[Extracted data entries]
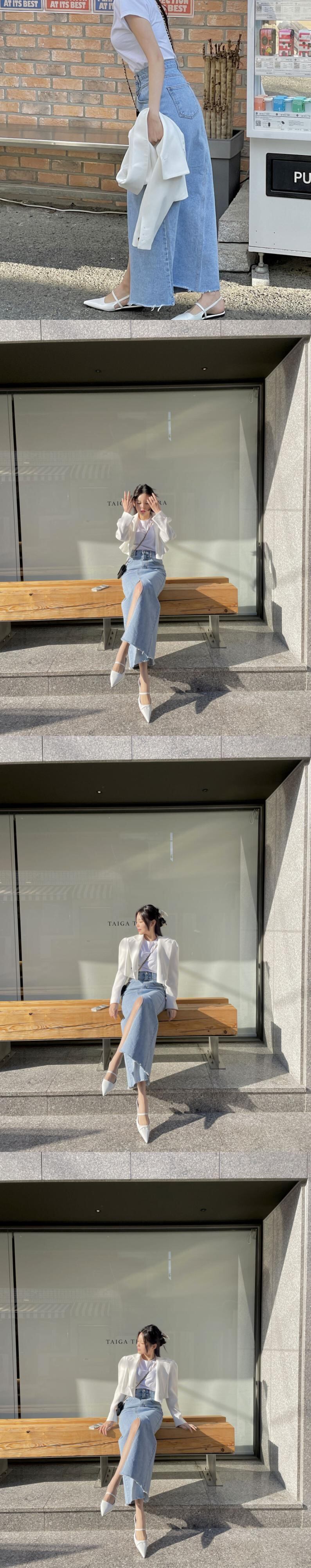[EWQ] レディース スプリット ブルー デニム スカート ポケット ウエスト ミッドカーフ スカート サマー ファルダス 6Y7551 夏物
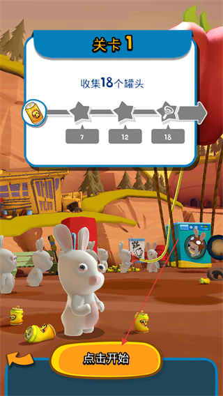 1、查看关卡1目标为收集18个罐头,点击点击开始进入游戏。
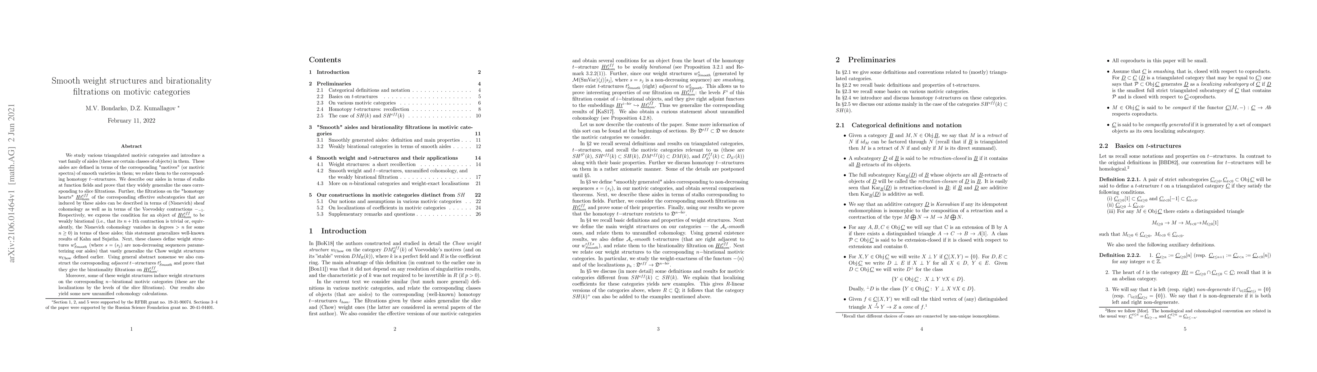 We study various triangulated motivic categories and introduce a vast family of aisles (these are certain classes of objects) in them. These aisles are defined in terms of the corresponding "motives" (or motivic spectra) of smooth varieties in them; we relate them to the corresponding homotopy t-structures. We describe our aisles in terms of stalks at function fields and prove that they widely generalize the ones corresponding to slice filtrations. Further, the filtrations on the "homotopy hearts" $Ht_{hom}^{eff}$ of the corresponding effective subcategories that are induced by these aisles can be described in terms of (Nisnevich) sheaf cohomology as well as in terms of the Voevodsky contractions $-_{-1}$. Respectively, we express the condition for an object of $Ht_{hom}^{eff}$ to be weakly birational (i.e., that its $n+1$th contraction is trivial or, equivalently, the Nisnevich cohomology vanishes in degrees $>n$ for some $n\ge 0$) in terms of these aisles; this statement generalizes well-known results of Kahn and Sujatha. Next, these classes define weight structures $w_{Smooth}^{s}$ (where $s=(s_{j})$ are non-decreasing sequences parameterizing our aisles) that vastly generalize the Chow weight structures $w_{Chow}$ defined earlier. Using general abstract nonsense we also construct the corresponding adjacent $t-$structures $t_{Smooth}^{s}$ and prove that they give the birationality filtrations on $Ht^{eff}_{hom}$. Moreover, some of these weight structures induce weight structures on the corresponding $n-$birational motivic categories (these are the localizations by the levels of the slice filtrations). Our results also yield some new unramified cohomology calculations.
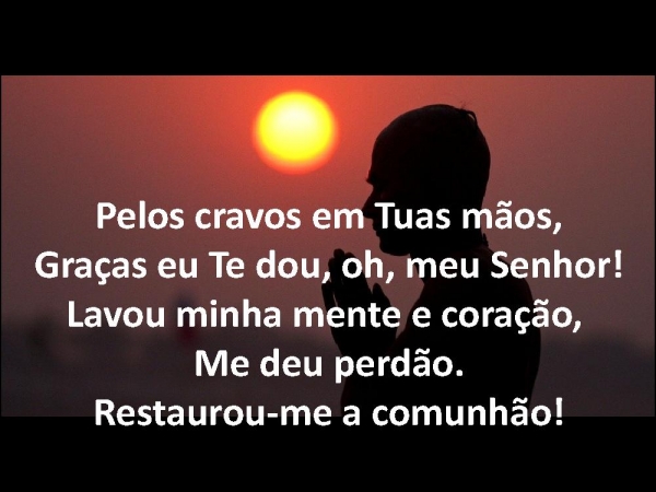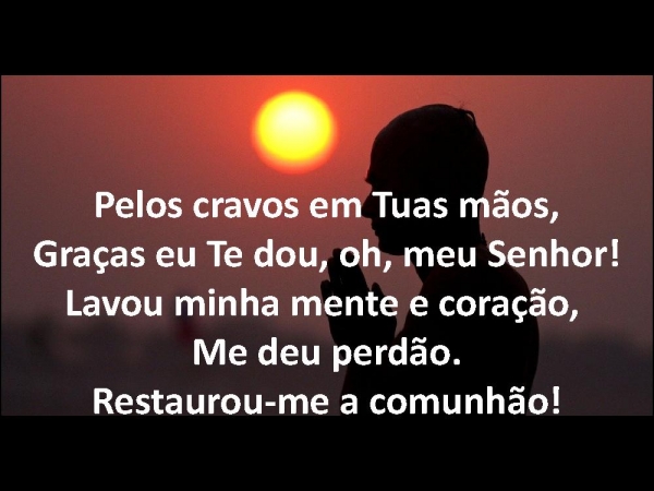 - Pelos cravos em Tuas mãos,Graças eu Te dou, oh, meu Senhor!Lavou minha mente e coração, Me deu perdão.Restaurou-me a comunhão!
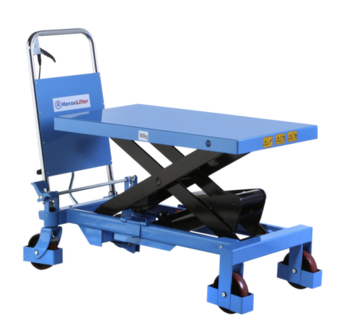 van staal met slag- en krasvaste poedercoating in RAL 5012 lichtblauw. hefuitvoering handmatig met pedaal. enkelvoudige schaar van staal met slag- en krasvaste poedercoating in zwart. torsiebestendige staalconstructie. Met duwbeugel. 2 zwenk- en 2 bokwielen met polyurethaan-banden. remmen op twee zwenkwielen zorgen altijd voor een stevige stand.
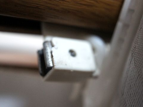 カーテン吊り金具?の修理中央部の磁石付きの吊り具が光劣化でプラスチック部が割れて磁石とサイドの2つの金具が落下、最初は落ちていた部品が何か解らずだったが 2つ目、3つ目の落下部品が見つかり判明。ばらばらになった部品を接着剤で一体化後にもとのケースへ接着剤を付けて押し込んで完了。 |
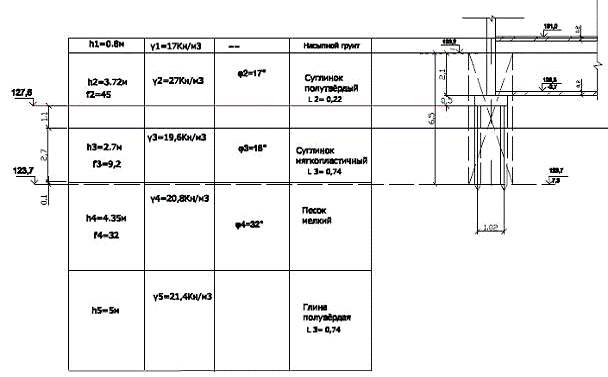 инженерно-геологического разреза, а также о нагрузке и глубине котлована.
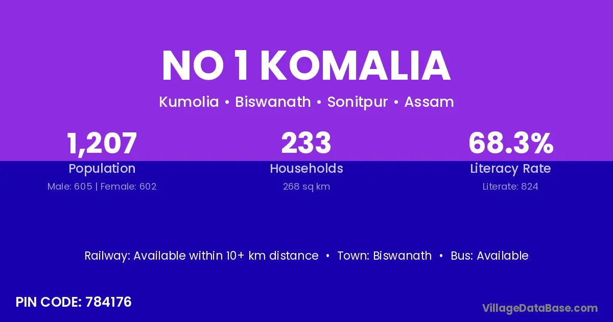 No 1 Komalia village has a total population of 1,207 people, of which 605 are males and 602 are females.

▸ **Task statement**:
Except for the pictures, set down all of the records exactly.

▸ **Result of this task**:
[EWQ] レディース スプリット ブルー デニム スカート ポケット ウエスト ミッドカーフ スカート サマー ファルダス 6Y7551 夏物
 1、查看关卡1目标为收集18个罐头,点击点击开始进入游戏。
 We study various triangulated motivic categories and introduce a vast family of aisles (these are certain classes of objects) in them. These aisles are defined in terms of the corresponding "motives" (or motivic spectra) of smooth varieties in them; we relate them to the corresponding homotopy t-structures. We describe our aisles in terms of stalks at function fields and prove that they widely generalize the ones corresponding to slice filtrations. Further, the filtrations on the "homotopy hearts" $Ht_{hom}^{eff}$ of the corresponding effective subcategories that are induced by these aisles can be described in terms of (Nisnevich) sheaf cohomology as well as in terms of the Voevodsky contractions $-_{-1}$. Respectively, we express the condition for an object of $Ht_{hom}^{eff}$ to be weakly birational (i.e., that its $n+1$th contraction is trivial or, equivalently, the Nisnevich cohomology vanishes in degrees $>n$ for some $n\ge 0$) in terms of these aisles; this statement generalizes well-known results of Kahn and Sujatha. Next, these classes define weight structures $w_{Smooth}^{s}$ (where $s=(s_{j})$ are non-decreasing sequences parameterizing our aisles) that vastly generalize the Chow weight structures $w_{Chow}$ defined earlier. Using general abstract nonsense we also construct the corresponding adjacent $t-$structures $t_{Smooth}^{s}$ and prove that they give the birationality filtrations on $Ht^{eff}_{hom}$. Moreover, some of these weight structures induce weight structures on the corresponding $n-$birational motivic categories (these are the localizations by the levels of the slice filtrations). Our results also yield some new unramified cohomology calculations.
 - Pelos cravos em Tuas mãos,Graças eu Te dou, oh, meu Senhor!Lavou minha mente e coração, Me deu perdão.Restaurou-me a comunhão!
 van staal met slag- en krasvaste poedercoating in RAL 5012 lichtblauw. hefuitvoering handmatig met pedaal. enkelvoudige schaar van staal met slag- en krasvaste poedercoating in zwart. torsiebestendige staalconstructie. Met duwbeugel. 2 zwenk- en 2 bokwielen met polyurethaan-banden. remmen op twee zwenkwielen zorgen altijd voor een stevige stand.
 カーテン吊り金具?の修理中央部の磁石付きの吊り具が光劣化でプラスチック部が割れて磁石とサイドの2つの金具が落下、最初は落ちていた部品が何か解らずだったが 2つ目、3つ目の落下部品が見つかり判明。ばらばらになった部品を接着剤で一体化後にもとのケースへ接着剤を付けて押し込んで完了。 |
 инженерно-геологического разреза, а также о нагрузке и глубине котлована.
 No 1 Komalia village has a total population of 1,207 people, of which 605 are males and 602 are females.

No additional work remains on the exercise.